(Entries taken from a collection)
----------------------------------------

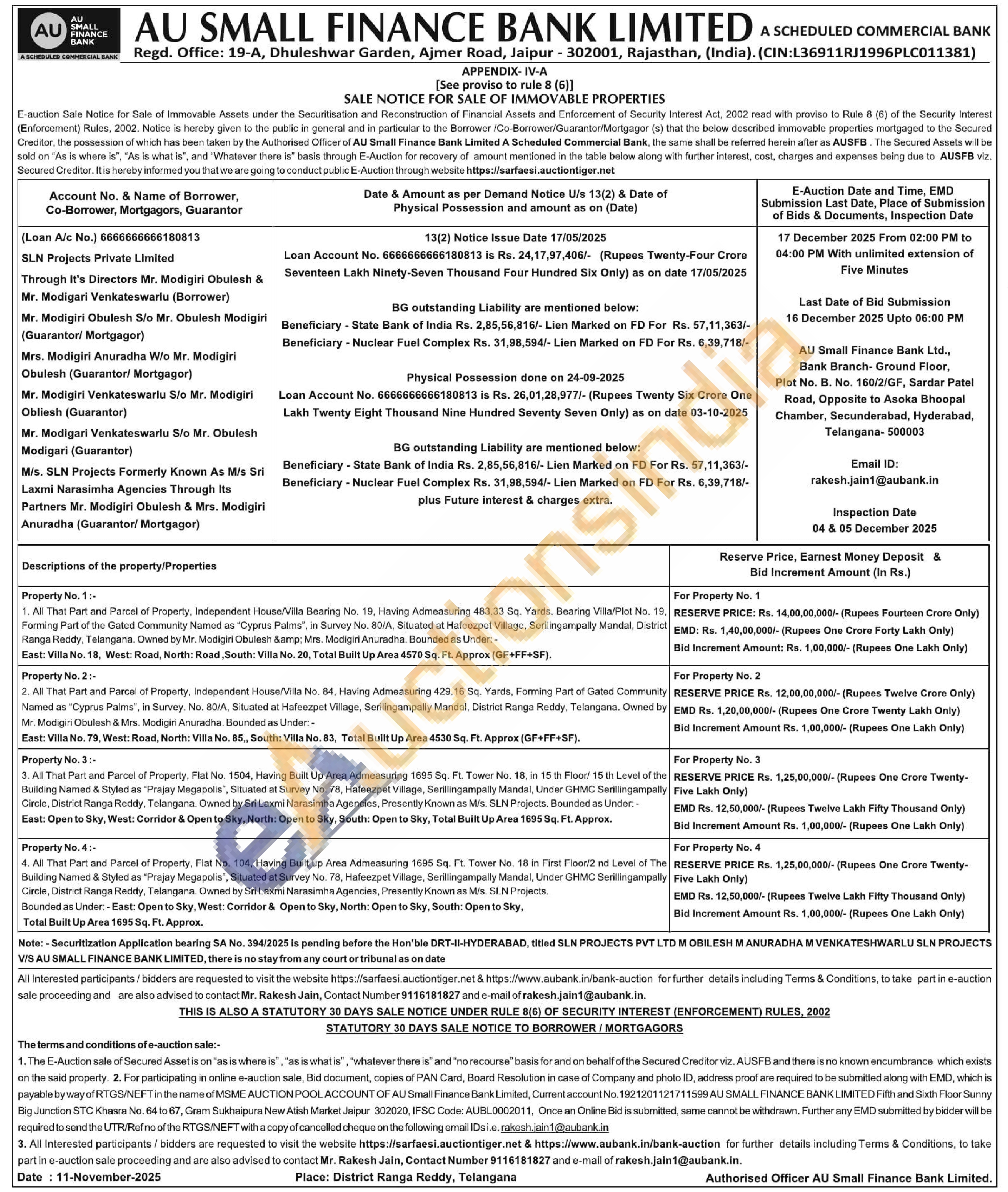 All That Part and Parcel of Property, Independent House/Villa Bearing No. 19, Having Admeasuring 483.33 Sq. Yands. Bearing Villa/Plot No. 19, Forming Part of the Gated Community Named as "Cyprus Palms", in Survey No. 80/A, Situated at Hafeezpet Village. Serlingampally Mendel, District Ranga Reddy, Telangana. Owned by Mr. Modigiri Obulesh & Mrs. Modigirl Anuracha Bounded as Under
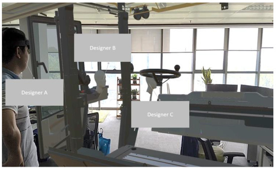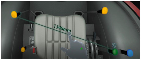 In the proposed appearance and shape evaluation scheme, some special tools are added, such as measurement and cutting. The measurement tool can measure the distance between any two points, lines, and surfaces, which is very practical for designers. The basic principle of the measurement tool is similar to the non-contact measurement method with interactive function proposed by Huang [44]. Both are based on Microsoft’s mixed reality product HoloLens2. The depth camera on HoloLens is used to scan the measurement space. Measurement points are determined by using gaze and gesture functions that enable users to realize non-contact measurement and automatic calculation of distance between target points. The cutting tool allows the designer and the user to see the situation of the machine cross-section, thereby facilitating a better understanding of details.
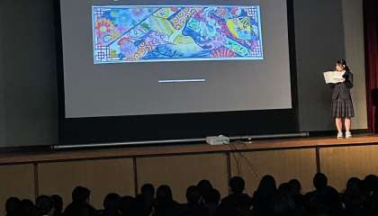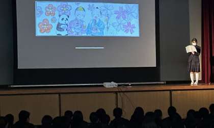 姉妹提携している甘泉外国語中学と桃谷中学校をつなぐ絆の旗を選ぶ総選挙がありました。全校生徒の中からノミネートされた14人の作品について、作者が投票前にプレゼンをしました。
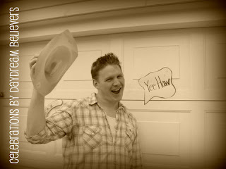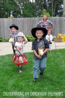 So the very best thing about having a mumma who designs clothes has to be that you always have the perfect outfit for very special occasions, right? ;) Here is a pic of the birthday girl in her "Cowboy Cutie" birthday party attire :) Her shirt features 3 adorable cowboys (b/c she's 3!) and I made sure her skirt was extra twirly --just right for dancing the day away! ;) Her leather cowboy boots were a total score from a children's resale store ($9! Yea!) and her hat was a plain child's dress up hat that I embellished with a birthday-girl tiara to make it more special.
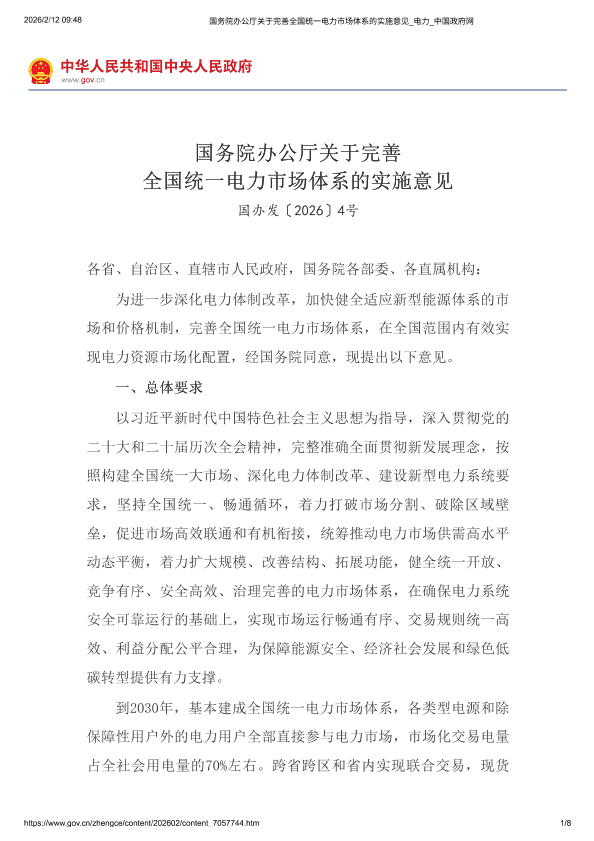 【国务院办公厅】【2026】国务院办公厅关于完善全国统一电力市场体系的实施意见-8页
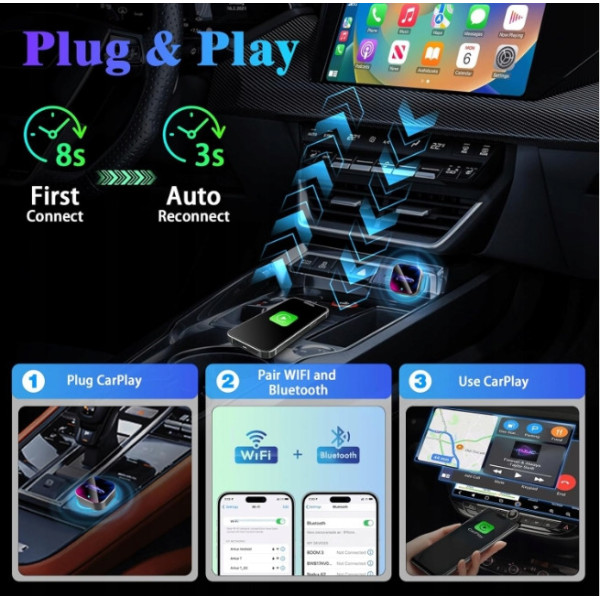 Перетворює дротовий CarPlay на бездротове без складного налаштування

----------------------------------------

**Exercise aim**
Drop the pictures and copy the data exactly.

**Result of the task**
 All That Part and Parcel of Property, Independent House/Villa Bearing No. 19, Having Admeasuring 483.33 Sq. Yands. Bearing Villa/Plot No. 19, Forming Part of the Gated Community Named as "Cyprus Palms", in Survey No. 80/A, Situated at Hafeezpet Village. Serlingampally Mendel, District Ranga Reddy, Telangana. Owned by Mr. Modigiri Obulesh & Mrs. Modigirl Anuracha Bounded as Under
 In the proposed appearance and shape evaluation scheme, some special tools are added, such as measurement and cutting. The measurement tool can measure the distance between any two points, lines, and surfaces, which is very practical for designers. The basic principle of the measurement tool is similar to the non-contact measurement method with interactive function proposed by Huang [44]. Both are based on Microsoft’s mixed reality product HoloLens2. The depth camera on HoloLens is used to scan the measurement space. Measurement points are determined by using gaze and gesture functions that enable users to realize non-contact measurement and automatic calculation of distance between target points. The cutting tool allows the designer and the user to see the situation of the machine cross-section, thereby facilitating a better understanding of details.
 姉妹提携している甘泉外国語中学と桃谷中学校をつなぐ絆の旗を選ぶ総選挙がありました。全校生徒の中からノミネートされた14人の作品について、作者が投票前にプレゼンをしました。
 So the very best thing about having a mumma who designs clothes has to be that you always have the perfect outfit for very special occasions, right? ;) Here is a pic of the birthday girl in her "Cowboy Cutie" birthday party attire :) Her shirt features 3 adorable cowboys (b/c she's 3!) and I made sure her skirt was extra twirly --just right for dancing the day away! ;) Her leather cowboy boots were a total score from a children's resale store ($9! Yea!) and her hat was a plain child's dress up hat that I embellished with a birthday-girl tiara to make it more special.
 【国务院办公厅】【2026】国务院办公厅关于完善全国统一电力市场体系的实施意见-8页
 Перетворює дротовий CarPlay на бездротове без складного налаштування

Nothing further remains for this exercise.